Supplied data =
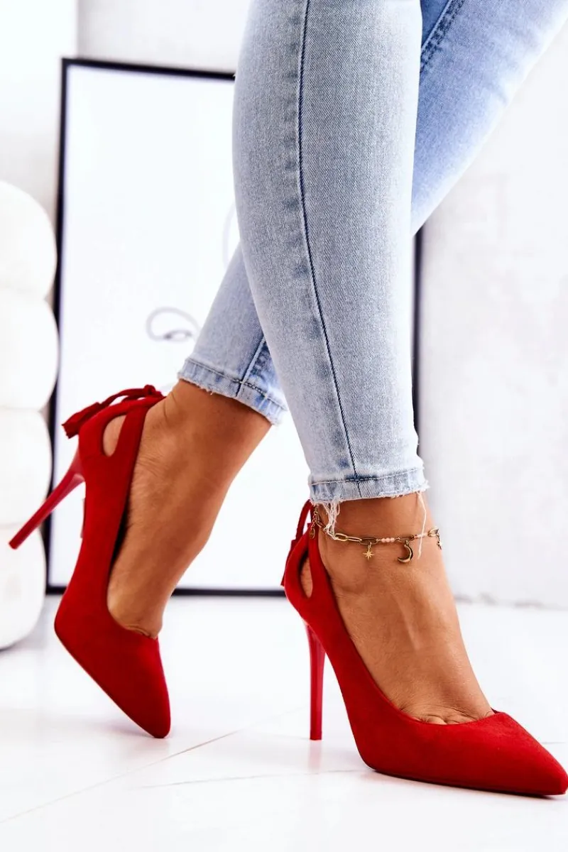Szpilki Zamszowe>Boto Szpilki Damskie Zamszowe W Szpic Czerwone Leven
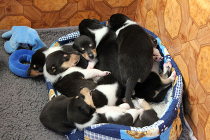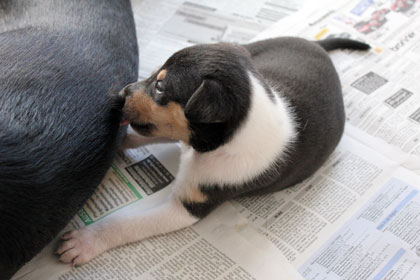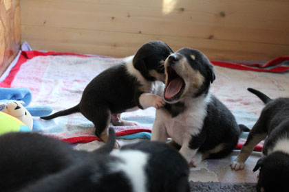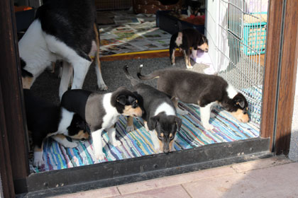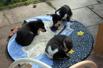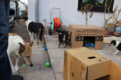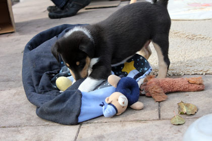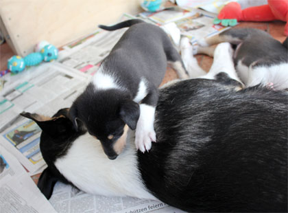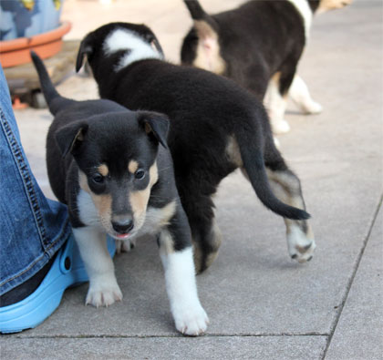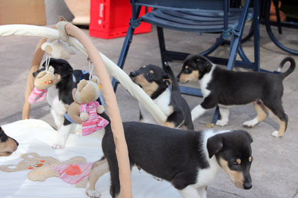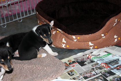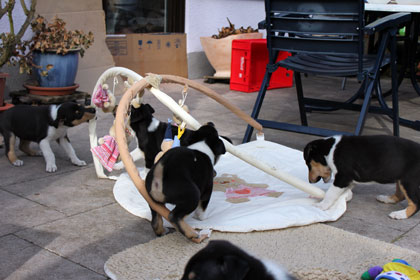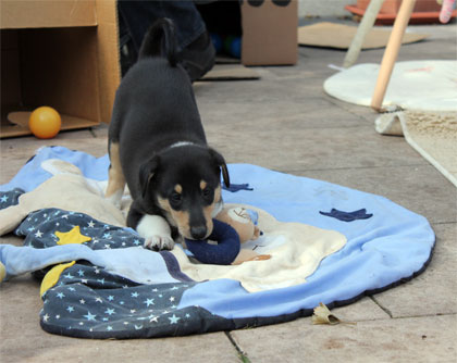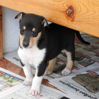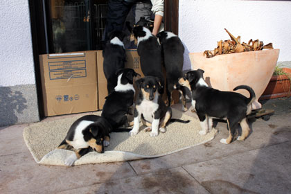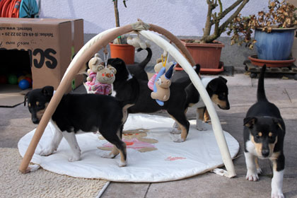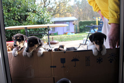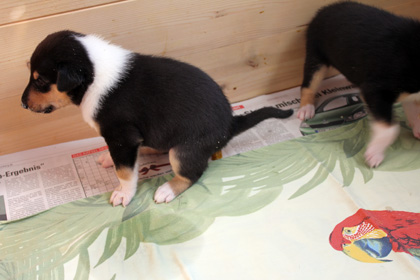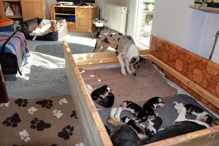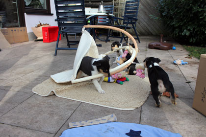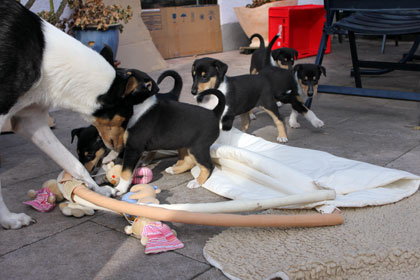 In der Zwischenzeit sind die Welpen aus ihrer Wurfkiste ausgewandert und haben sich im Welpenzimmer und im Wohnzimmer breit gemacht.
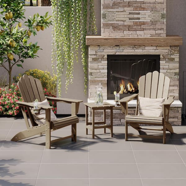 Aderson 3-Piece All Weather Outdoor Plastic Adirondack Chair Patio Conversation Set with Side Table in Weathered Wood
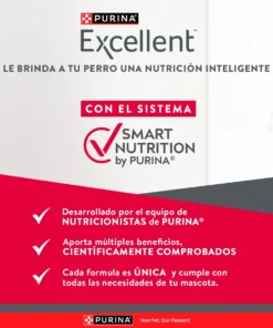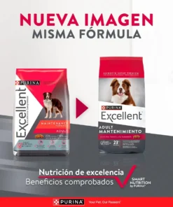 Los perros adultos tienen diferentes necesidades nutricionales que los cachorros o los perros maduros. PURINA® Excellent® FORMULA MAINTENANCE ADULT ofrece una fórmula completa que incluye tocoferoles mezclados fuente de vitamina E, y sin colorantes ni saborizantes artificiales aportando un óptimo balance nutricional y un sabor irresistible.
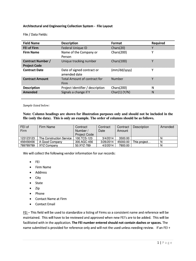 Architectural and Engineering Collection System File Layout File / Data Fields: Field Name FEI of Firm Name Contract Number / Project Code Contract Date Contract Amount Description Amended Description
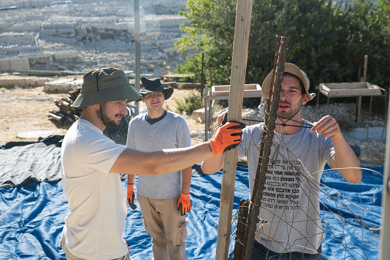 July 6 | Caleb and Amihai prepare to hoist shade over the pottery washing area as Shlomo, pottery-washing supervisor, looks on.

Assigned task = The pictures in the entries above should be left out; all else must be copied exactly.

Answer =
Szpilki Zamszowe>Boto Szpilki Damskie Zamszowe W Szpic Czerwone Leven
 In der Zwischenzeit sind die Welpen aus ihrer Wurfkiste ausgewandert und haben sich im Welpenzimmer und im Wohnzimmer breit gemacht.
 Aderson 3-Piece All Weather Outdoor Plastic Adirondack Chair Patio Conversation Set with Side Table in Weathered Wood
 Los perros adultos tienen diferentes necesidades nutricionales que los cachorros o los perros maduros. PURINA® Excellent® FORMULA MAINTENANCE ADULT ofrece una fórmula completa que incluye tocoferoles mezclados fuente de vitamina E, y sin colorantes ni saborizantes artificiales aportando un óptimo balance nutricional y un sabor irresistible.
 Architectural and Engineering Collection System File Layout File / Data Fields: Field Name FEI of Firm Name Contract Number / Project Code Contract Date Contract Amount Description Amended Description
 July 6 | Caleb and Amihai prepare to hoist shade over the pottery washing area as Shlomo, pottery-washing supervisor, looks on.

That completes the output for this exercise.